DATA IN THIS EXERCISE —
>>>>

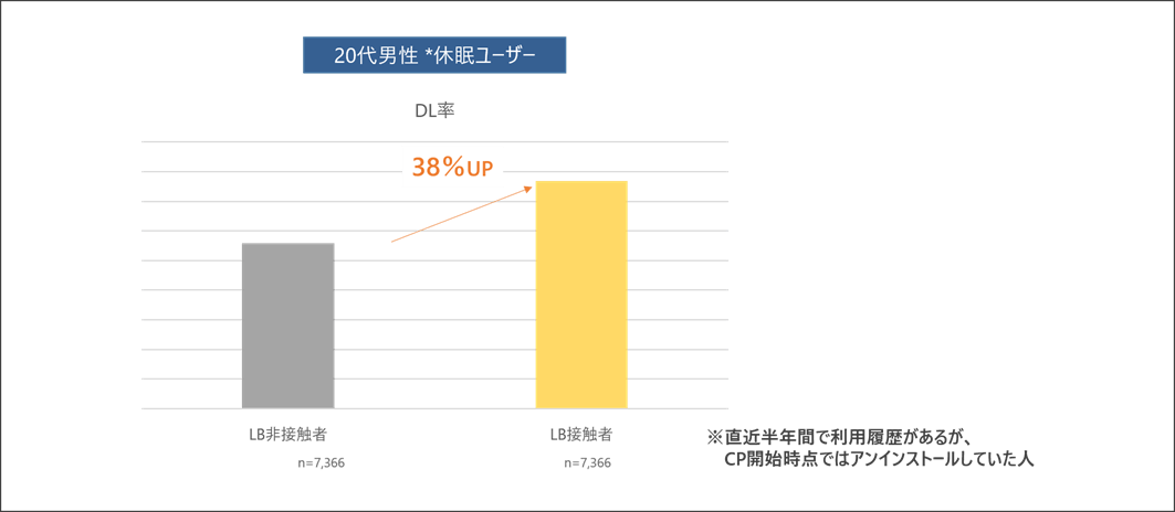 ◆20代男性の休眠ユーザーに限定した、アプリダウンロード率比較
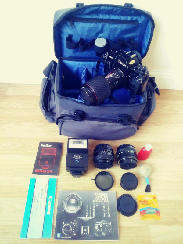 Canon A1 SLR Camera with through the lens metering, aperture and shutter speed priority. Includes Canon 50mm and 28mm lenses, Tokina 70-210 zoom lens. Vivitar hot shoe flash, Polarizer Filter, Camera Bag and Instruction Booklet.
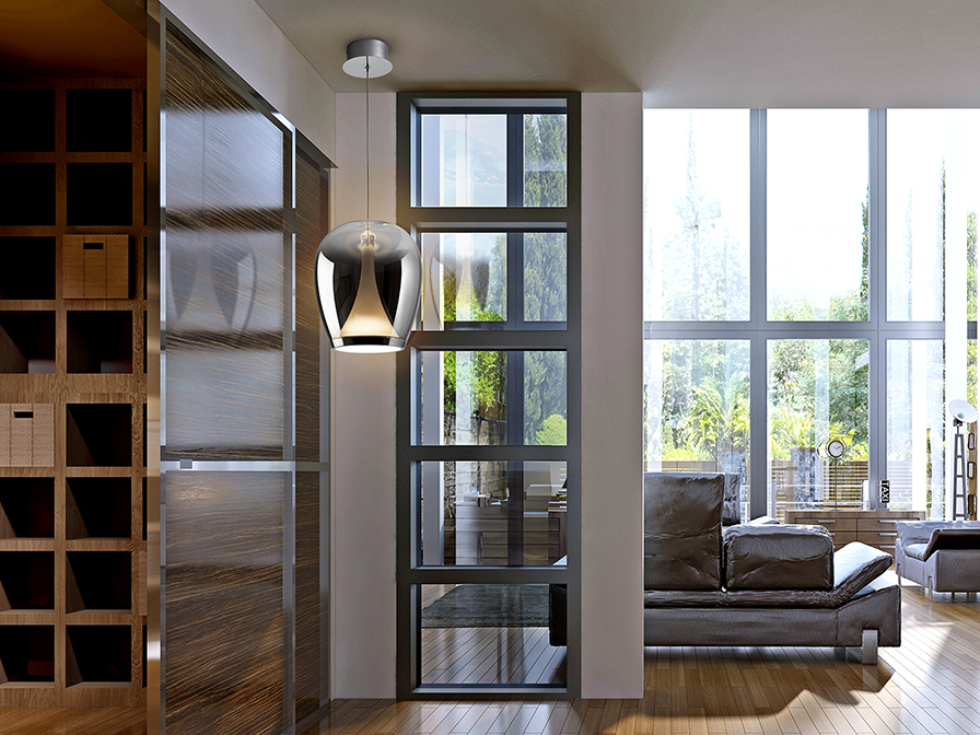 Colgante individual SUSPIRO grande cromo y cristal smoke de 20W Led integrado Schuller
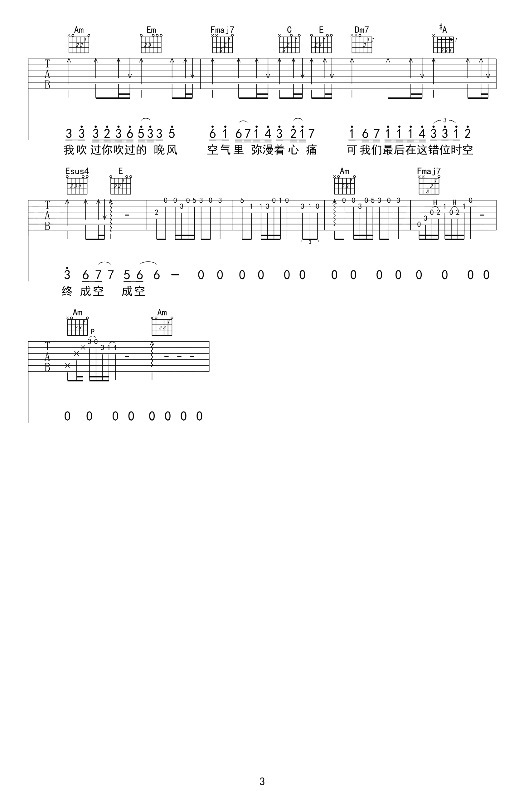 艾辰《错位时空》吉他谱,酷弹乐器编配出品,共有3张高清图谱。
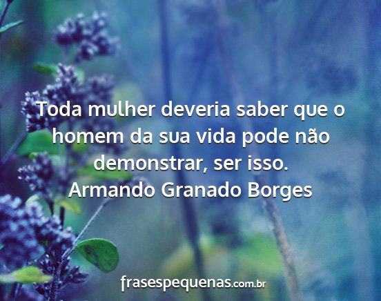 Toda mulher deveria saber que o homem da sua vida pode não demonstrar, ser isso.Armando Granado Borges
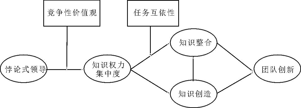 (2)基于知识管理和知识权力理论,本研究提出知识权力集中度、知识创造与知识创新在悖论式领导与团队创新关系间发挥中介桥梁作用[20]。研究结果表明,知识权力集中度、知识创造、知识创新在悖论式领导与团队创新关系中起完全中介作用;悖论式领导通过知识权力集中度将领导权力转化为知识权力,在创新过程中的知识创造、知识整合阶段合理配置知识权力与创新资源,知识权力集中度反映了知识权力在创新团队中的集中程度,有助于促进团队创新目标实现。
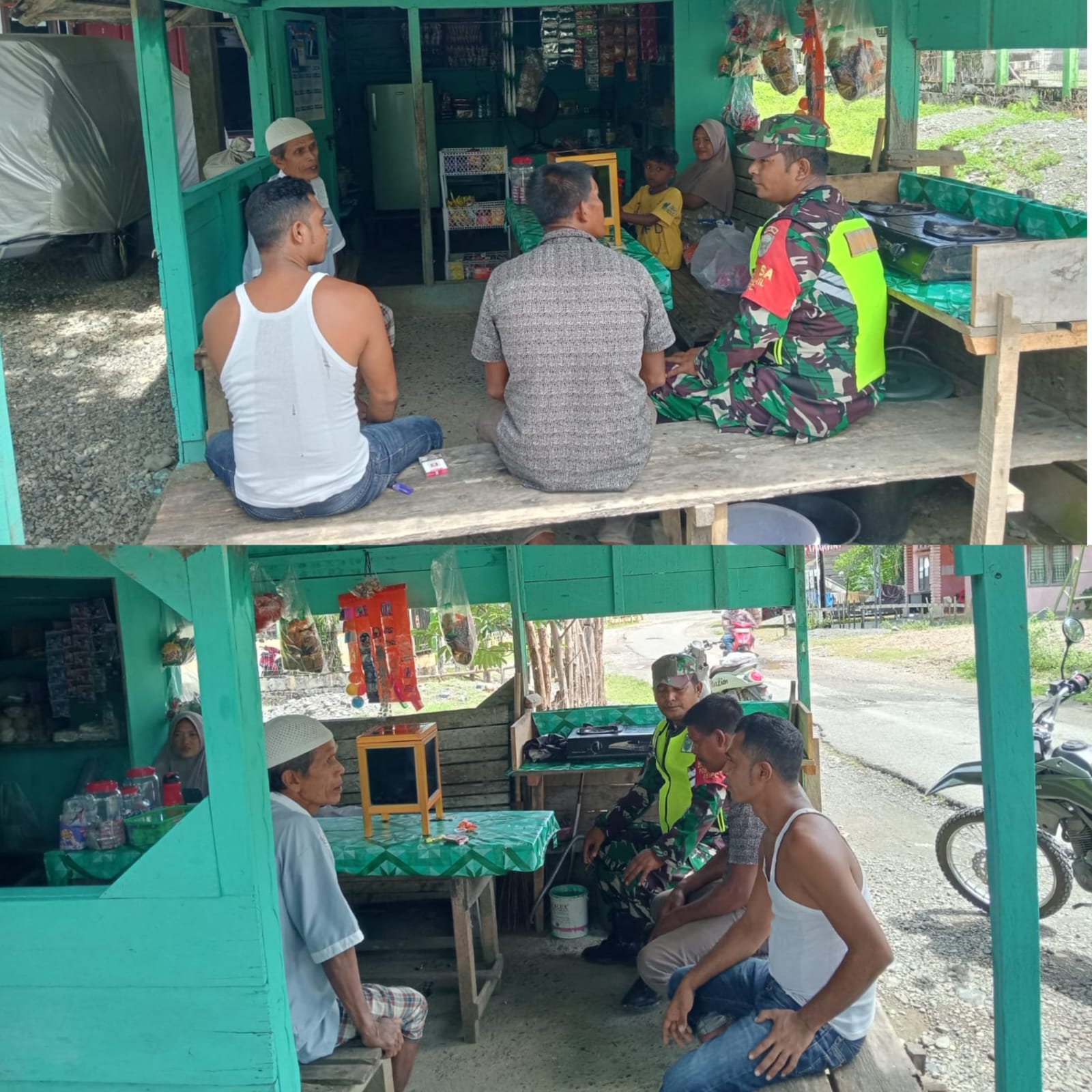 Terlihat Babinsa duduk santai di sebuah keudai (warung kopi), tempat yang memang menjadi pusat berkumpulnya warga di wilayah tersebut.
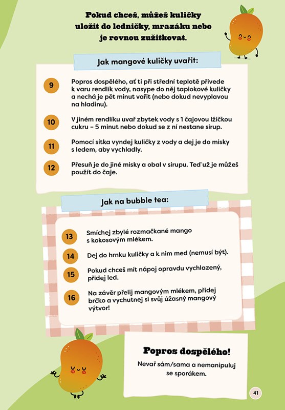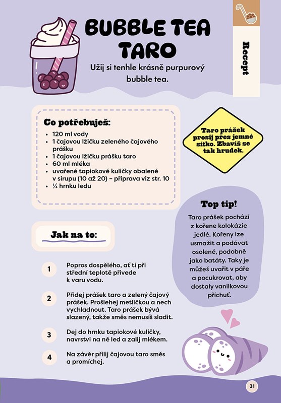Objev svět bubble tea! Tahle knížka je nabitá zajímavostmi, tipy a recepty, díky kterým si bubble tea zvládneš připravit i doma. Naučíš se vyrobit vlastní tapiokové (boba) kuličky, vyzkoušíš spoustu příchutí a zjistíš, jaké nejbláznivější a neobvyklé kombinace frčí ve světě. Nechybí ani krátký příběh o tom, kde se bubble tea vzalo, zábavné aktivity a pár základních pojmů k bubble tea, ať jsi vždy hned v obraze. Tak už nečekej a vydej se s námi na hravou cestu plnou barev a chutí a zažij něco nového!
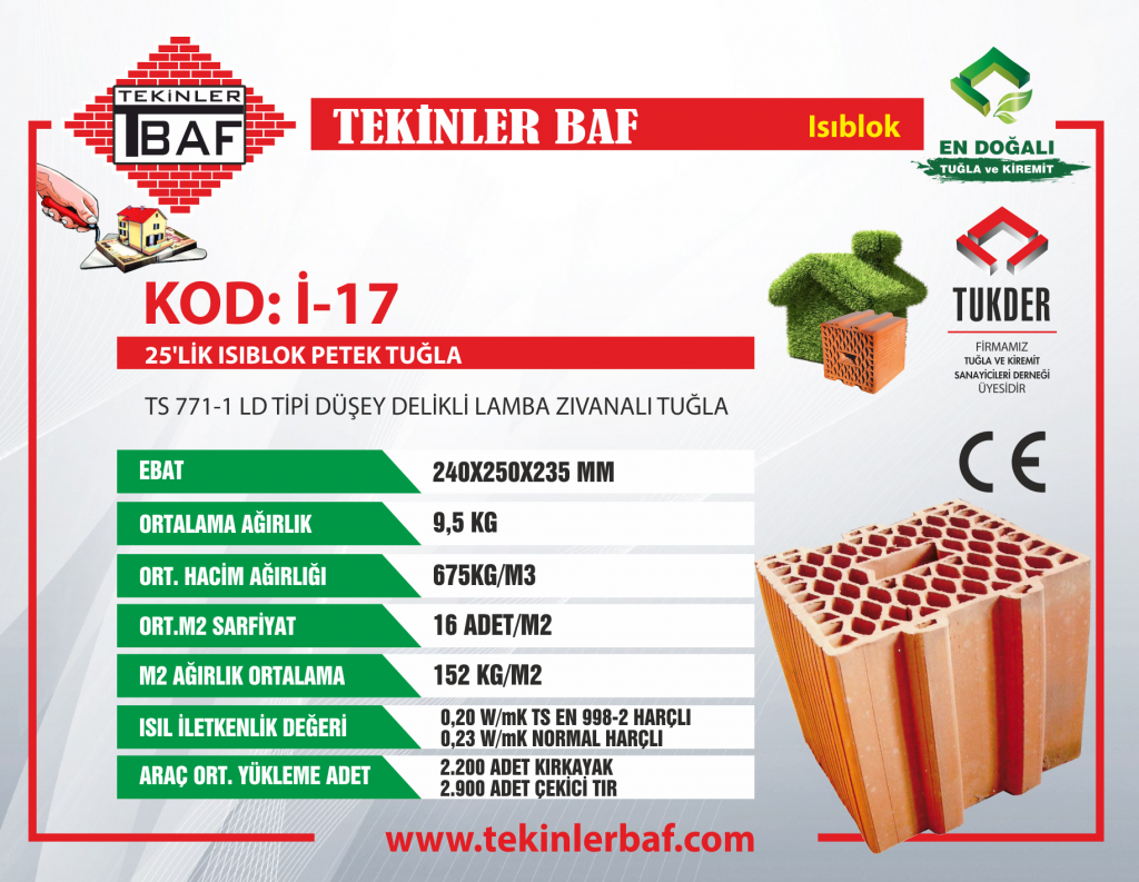TS EN 771-1 LD Tipi Düşey Delikli Lamba Zıvanalı Tuğla Ürün Kod: İ-17 • Ebatlar (Uzunluk x Genişlik x Yükseklik) : 240 mm x 250 mm x 235 mm • Ağırlık : 9,5 kilogram / Adet • Ortalama Hacim Ağırlığı : 675 kg/m³ • Sarfiyat : 16 adet/metrekare • Ortalama m² Ağırlık : 152 kg/m² • Isıl İletkenlik : ʎh= 0,20 W/(Mk) TS EN 998-2 Harçlı - 0,23 W/(Mk) Normal Harçlı • Araç Ortalama Yükleme Adet : 2200 Adet Kırkayak, 2900 Adet Çekici Tır

<<<<

WHAT TO PRODUCE —
Pictures are to be left out; the lines from the start of the records above through the line holding "Terlihat Babinsa duduk" are to be returned exactly.

REPLY —
 ◆20代男性の休眠ユーザーに限定した、アプリダウンロード率比較
 Canon A1 SLR Camera with through the lens metering, aperture and shutter speed priority. Includes Canon 50mm and 28mm lenses, Tokina 70-210 zoom lens. Vivitar hot shoe flash, Polarizer Filter, Camera Bag and Instruction Booklet.
 Colgante individual SUSPIRO grande cromo y cristal smoke de 20W Led integrado Schuller
 艾辰《错位时空》吉他谱,酷弹乐器编配出品,共有3张高清图谱。
 Toda mulher deveria saber que o homem da sua vida pode não demonstrar, ser isso.Armando Granado Borges
 (2)基于知识管理和知识权力理论,本研究提出知识权力集中度、知识创造与知识创新在悖论式领导与团队创新关系间发挥中介桥梁作用[20]。研究结果表明,知识权力集中度、知识创造、知识创新在悖论式领导与团队创新关系中起完全中介作用;悖论式领导通过知识权力集中度将领导权力转化为知识权力,在创新过程中的知识创造、知识整合阶段合理配置知识权力与创新资源,知识权力集中度反映了知识权力在创新团队中的集中程度,有助于促进团队创新目标实现。
 Terlihat Babinsa duduk santai di sebuah keudai (warung kopi), tempat yang memang menjadi pusat berkumpulnya warga di wilayah tersebut.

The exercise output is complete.